Task prompt:
Starting from the line in which "When this icon" appears, set down each line exactly through the end of the listing, and nothing else. Leave out pictures.

Task input:
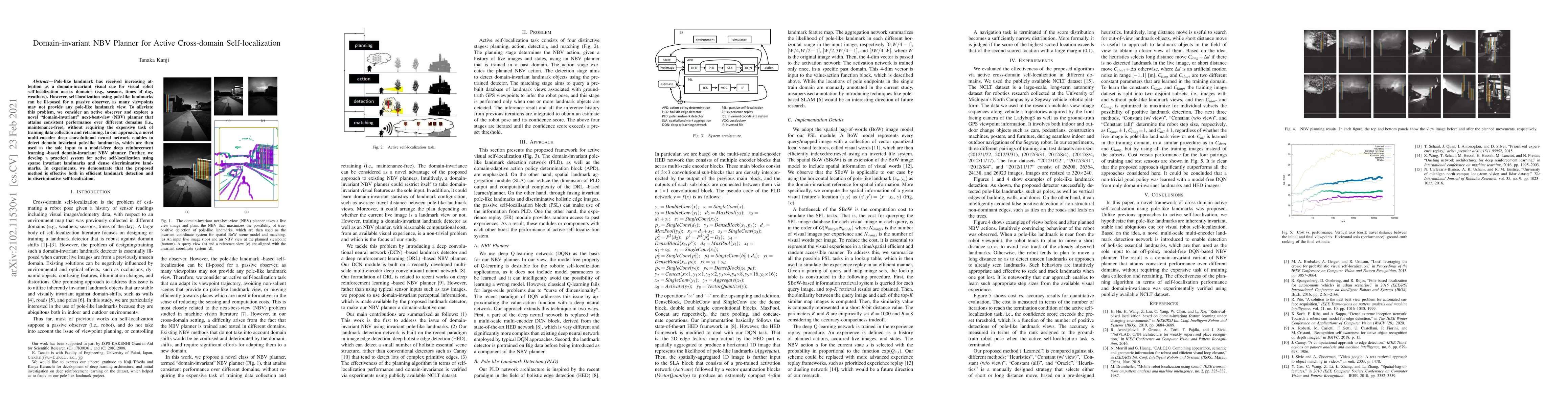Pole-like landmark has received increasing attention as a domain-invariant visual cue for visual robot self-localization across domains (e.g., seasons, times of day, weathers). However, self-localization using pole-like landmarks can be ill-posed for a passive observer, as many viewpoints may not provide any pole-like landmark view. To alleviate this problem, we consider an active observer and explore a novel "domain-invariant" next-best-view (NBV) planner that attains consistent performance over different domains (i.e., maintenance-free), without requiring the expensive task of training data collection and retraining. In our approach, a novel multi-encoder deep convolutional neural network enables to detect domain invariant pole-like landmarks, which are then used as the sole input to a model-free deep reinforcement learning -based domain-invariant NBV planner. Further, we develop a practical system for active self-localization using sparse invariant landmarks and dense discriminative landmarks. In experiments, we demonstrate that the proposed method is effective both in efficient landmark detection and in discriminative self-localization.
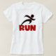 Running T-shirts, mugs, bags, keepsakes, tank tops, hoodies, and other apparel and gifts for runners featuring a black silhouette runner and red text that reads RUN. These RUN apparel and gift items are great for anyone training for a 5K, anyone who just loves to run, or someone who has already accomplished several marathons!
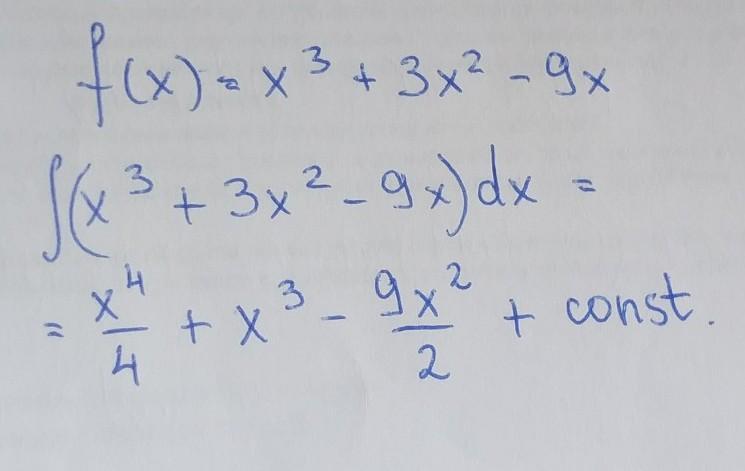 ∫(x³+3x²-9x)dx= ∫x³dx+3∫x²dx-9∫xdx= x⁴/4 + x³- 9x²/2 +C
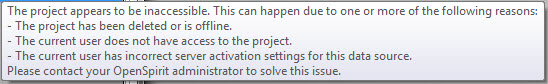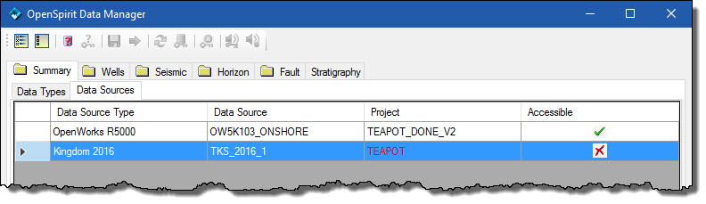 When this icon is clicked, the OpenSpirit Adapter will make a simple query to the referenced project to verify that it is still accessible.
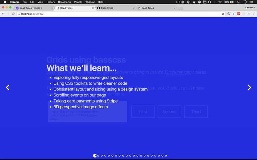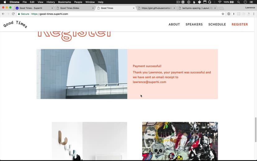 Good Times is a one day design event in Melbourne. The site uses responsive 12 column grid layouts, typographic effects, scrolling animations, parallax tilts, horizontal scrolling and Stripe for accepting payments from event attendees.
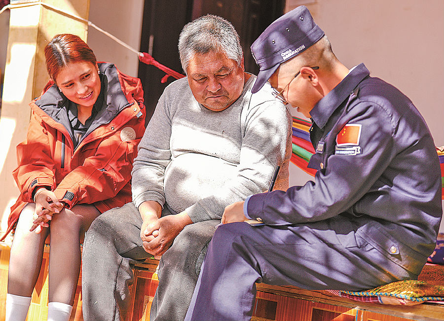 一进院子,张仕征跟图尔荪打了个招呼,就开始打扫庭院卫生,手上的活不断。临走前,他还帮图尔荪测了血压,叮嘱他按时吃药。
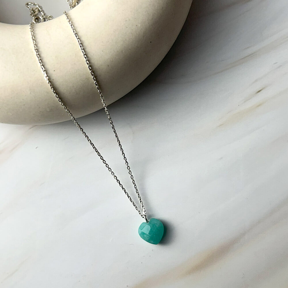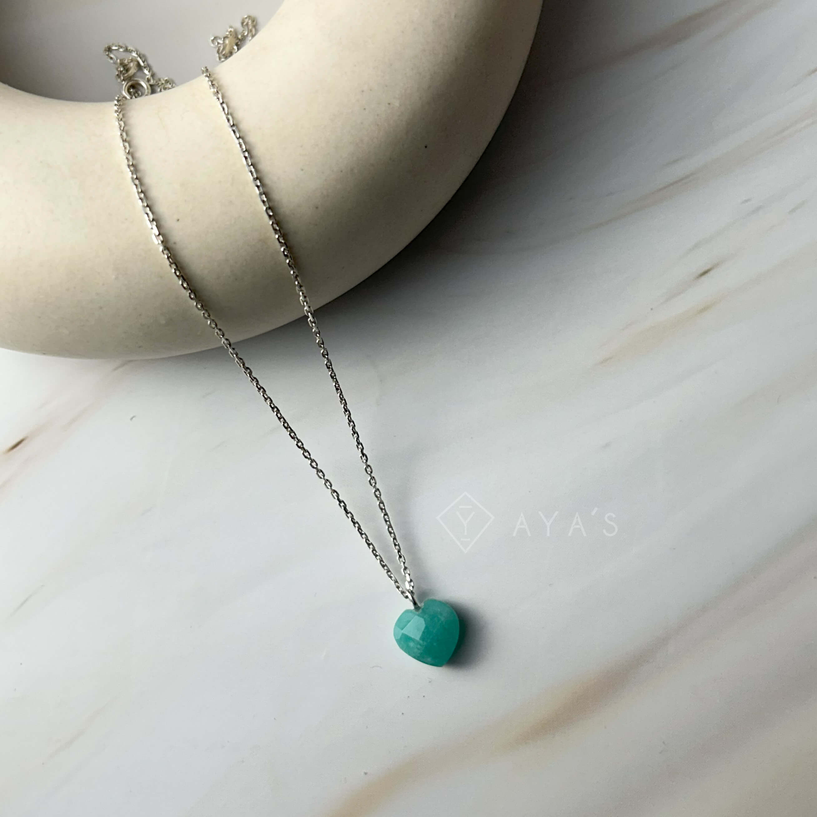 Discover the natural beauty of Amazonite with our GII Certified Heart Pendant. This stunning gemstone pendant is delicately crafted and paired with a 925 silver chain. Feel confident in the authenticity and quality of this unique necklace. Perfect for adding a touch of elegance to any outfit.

Task result:
 When this icon is clicked, the OpenSpirit Adapter will make a simple query to the referenced project to verify that it is still accessible.
 Good Times is a one day design event in Melbourne. The site uses responsive 12 column grid layouts, typographic effects, scrolling animations, parallax tilts, horizontal scrolling and Stripe for accepting payments from event attendees.
 一进院子,张仕征跟图尔荪打了个招呼,就开始打扫庭院卫生,手上的活不断。临走前,他还帮图尔荪测了血压,叮嘱他按时吃药。
 Discover the natural beauty of Amazonite with our GII Certified Heart Pendant. This stunning gemstone pendant is delicately crafted and paired with a 925 silver chain. Feel confident in the authenticity and quality of this unique necklace. Perfect for adding a touch of elegance to any outfit.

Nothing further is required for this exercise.